▶ **About this exercise**: Please repeat, exactly and without pictures, the lines of the entries below that run from the one containing "HELLOJUST LIKE THE" through the one containing "Blob Matching and".
____________
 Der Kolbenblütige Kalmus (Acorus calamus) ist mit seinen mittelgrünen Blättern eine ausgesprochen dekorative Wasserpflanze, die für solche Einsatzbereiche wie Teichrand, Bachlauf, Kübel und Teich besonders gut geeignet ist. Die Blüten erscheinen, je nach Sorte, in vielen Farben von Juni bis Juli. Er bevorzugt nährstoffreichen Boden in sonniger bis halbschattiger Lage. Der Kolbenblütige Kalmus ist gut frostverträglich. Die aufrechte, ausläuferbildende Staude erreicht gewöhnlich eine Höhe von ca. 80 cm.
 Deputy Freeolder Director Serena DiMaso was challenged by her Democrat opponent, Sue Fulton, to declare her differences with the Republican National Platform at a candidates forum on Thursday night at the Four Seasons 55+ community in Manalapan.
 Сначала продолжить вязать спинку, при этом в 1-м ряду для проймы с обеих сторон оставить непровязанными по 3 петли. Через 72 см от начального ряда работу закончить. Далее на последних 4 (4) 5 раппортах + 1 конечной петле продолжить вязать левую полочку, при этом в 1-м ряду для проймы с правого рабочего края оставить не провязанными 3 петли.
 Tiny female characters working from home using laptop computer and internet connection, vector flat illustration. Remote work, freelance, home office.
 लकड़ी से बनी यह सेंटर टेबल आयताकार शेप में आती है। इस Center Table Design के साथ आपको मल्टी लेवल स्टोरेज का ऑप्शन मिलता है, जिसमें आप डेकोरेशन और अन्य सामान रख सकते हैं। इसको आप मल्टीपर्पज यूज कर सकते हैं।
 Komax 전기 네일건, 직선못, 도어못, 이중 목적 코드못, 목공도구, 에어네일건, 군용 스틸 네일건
____________
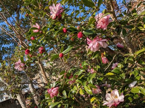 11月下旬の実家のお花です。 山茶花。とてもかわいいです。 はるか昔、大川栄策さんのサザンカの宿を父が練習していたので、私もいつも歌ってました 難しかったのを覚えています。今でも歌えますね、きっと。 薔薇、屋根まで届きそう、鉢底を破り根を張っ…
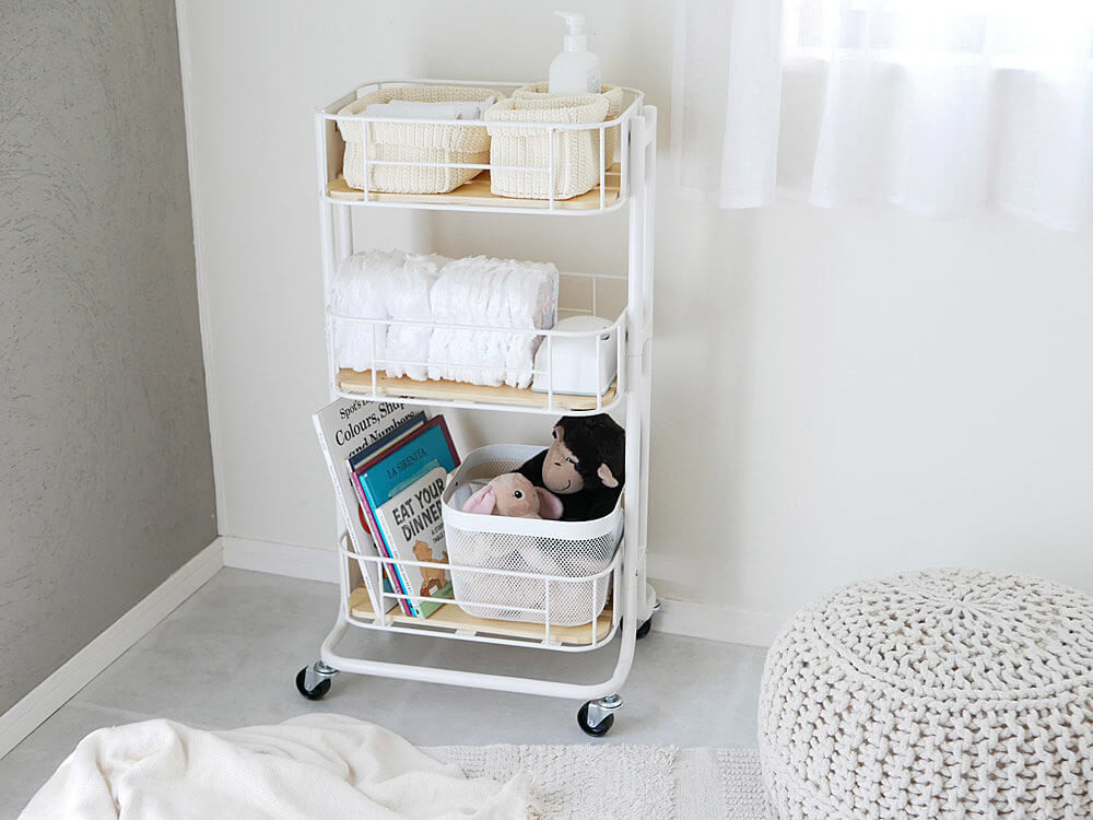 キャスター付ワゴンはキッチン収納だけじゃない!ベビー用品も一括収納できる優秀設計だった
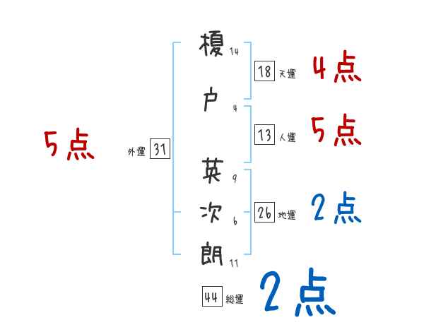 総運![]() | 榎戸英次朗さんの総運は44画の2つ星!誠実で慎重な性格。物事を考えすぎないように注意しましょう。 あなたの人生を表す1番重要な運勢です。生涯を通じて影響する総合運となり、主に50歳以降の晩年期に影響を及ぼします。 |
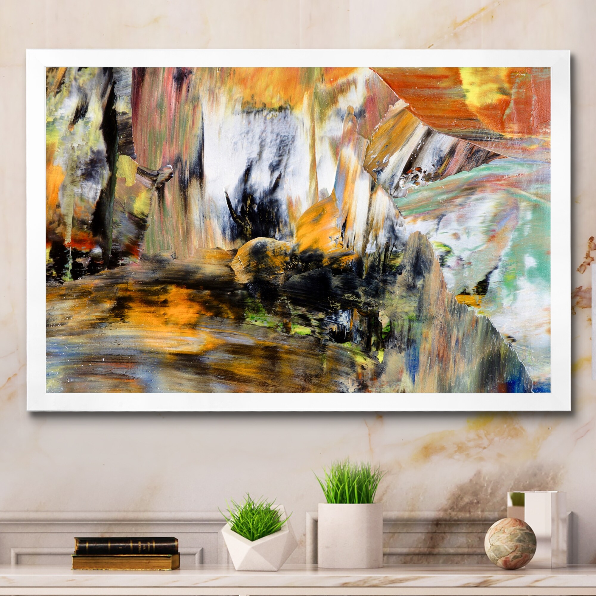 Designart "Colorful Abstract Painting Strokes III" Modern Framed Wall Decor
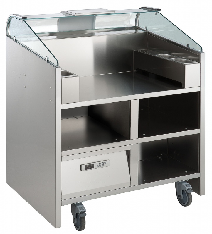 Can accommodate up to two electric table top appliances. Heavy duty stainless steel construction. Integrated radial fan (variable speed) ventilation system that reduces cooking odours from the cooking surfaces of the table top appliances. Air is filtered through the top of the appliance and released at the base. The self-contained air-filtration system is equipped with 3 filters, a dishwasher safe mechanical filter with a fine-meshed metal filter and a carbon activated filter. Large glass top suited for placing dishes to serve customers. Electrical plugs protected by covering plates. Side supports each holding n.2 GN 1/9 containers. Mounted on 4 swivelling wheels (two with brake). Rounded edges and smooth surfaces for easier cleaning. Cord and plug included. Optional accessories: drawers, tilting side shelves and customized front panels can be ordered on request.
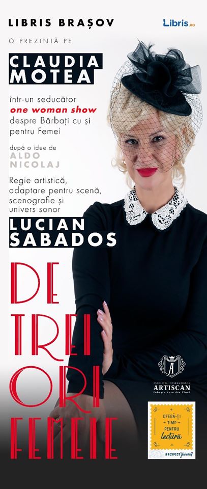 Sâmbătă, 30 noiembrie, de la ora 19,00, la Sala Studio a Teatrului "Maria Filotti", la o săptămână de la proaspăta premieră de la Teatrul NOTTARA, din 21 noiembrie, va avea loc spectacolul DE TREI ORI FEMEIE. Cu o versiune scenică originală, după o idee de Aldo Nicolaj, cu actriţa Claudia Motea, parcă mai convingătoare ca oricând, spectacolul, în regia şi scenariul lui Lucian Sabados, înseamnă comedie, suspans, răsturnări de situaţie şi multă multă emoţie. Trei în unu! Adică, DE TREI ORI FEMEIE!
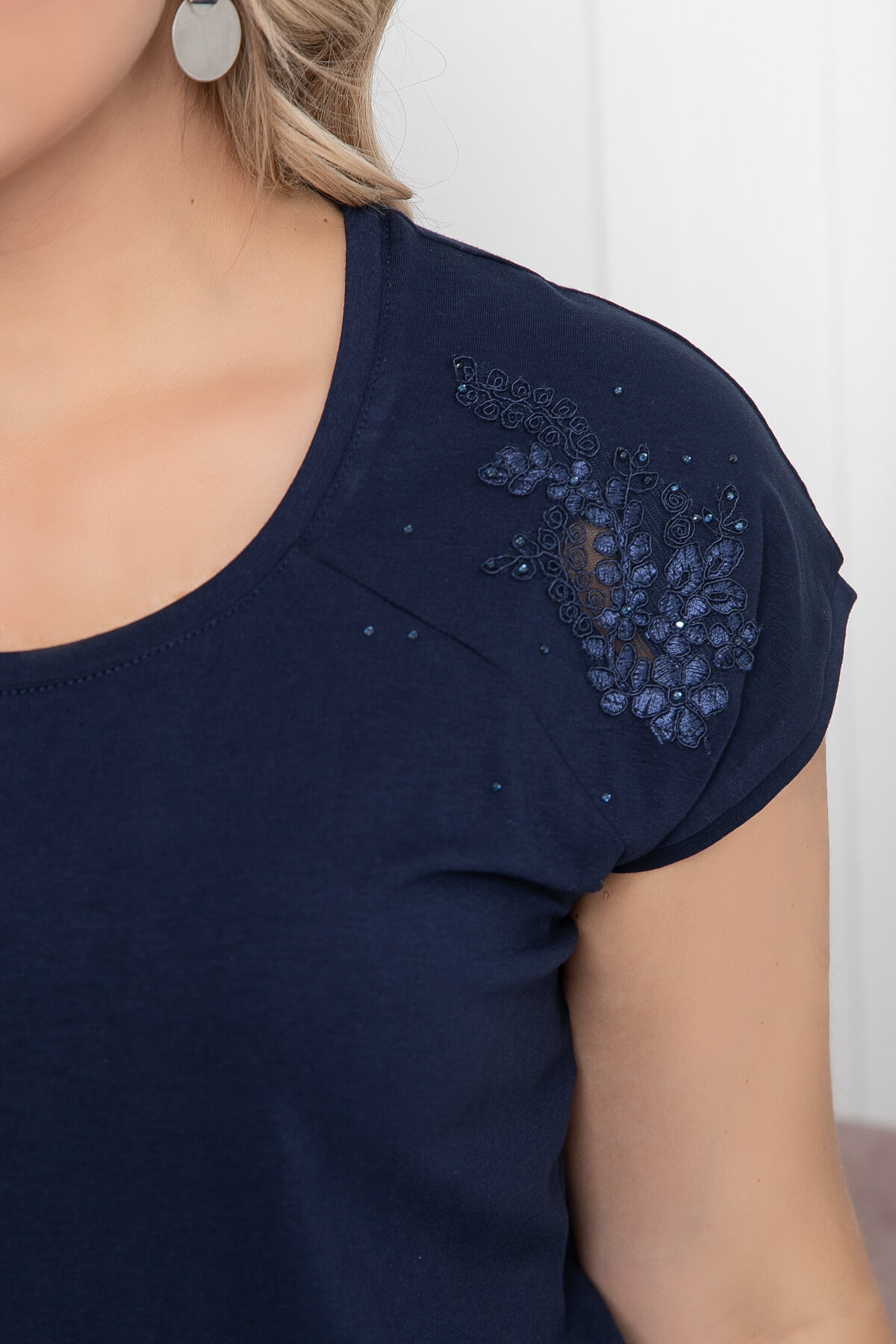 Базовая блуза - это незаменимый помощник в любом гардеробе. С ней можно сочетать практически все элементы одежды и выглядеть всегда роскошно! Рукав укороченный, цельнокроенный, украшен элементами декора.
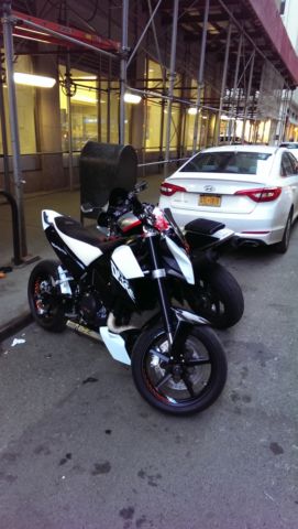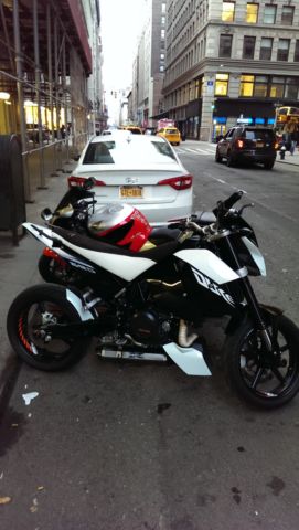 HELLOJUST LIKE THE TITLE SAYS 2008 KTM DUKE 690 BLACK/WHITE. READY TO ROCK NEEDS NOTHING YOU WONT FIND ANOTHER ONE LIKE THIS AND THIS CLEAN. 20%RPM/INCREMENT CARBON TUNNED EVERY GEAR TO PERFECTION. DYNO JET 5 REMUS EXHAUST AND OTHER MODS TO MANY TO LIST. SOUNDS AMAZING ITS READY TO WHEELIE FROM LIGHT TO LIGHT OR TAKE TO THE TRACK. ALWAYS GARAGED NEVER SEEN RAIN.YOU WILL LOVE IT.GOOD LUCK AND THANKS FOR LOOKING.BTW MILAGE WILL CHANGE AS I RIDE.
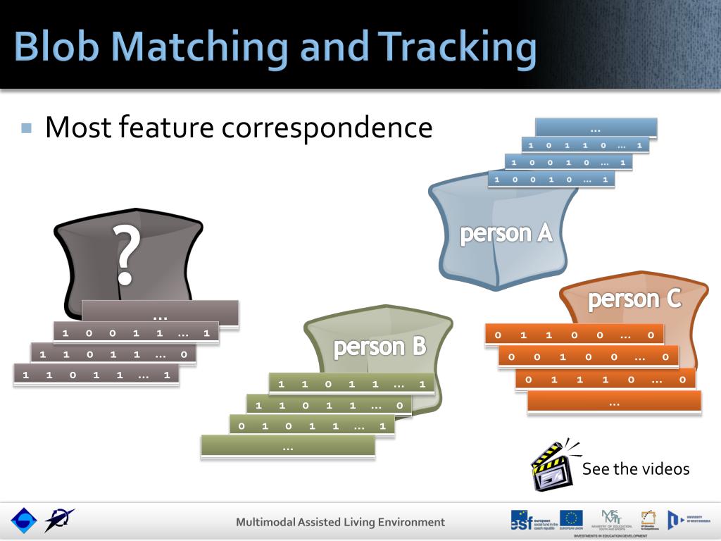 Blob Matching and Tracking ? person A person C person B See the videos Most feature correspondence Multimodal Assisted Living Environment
____________
▶ **Exercise solution**:
 HELLOJUST LIKE THE TITLE SAYS 2008 KTM DUKE 690 BLACK/WHITE. READY TO ROCK NEEDS NOTHING YOU WONT FIND ANOTHER ONE LIKE THIS AND THIS CLEAN. 20%RPM/INCREMENT CARBON TUNNED EVERY GEAR TO PERFECTION. DYNO JET 5 REMUS EXHAUST AND OTHER MODS TO MANY TO LIST. SOUNDS AMAZING ITS READY TO WHEELIE FROM LIGHT TO LIGHT OR TAKE TO THE TRACK. ALWAYS GARAGED NEVER SEEN RAIN.YOU WILL LOVE IT.GOOD LUCK AND THANKS FOR LOOKING.BTW MILAGE WILL CHANGE AS I RIDE.
 Blob Matching and Tracking ? person A person C person B See the videos Most feature correspondence Multimodal Assisted Living Environment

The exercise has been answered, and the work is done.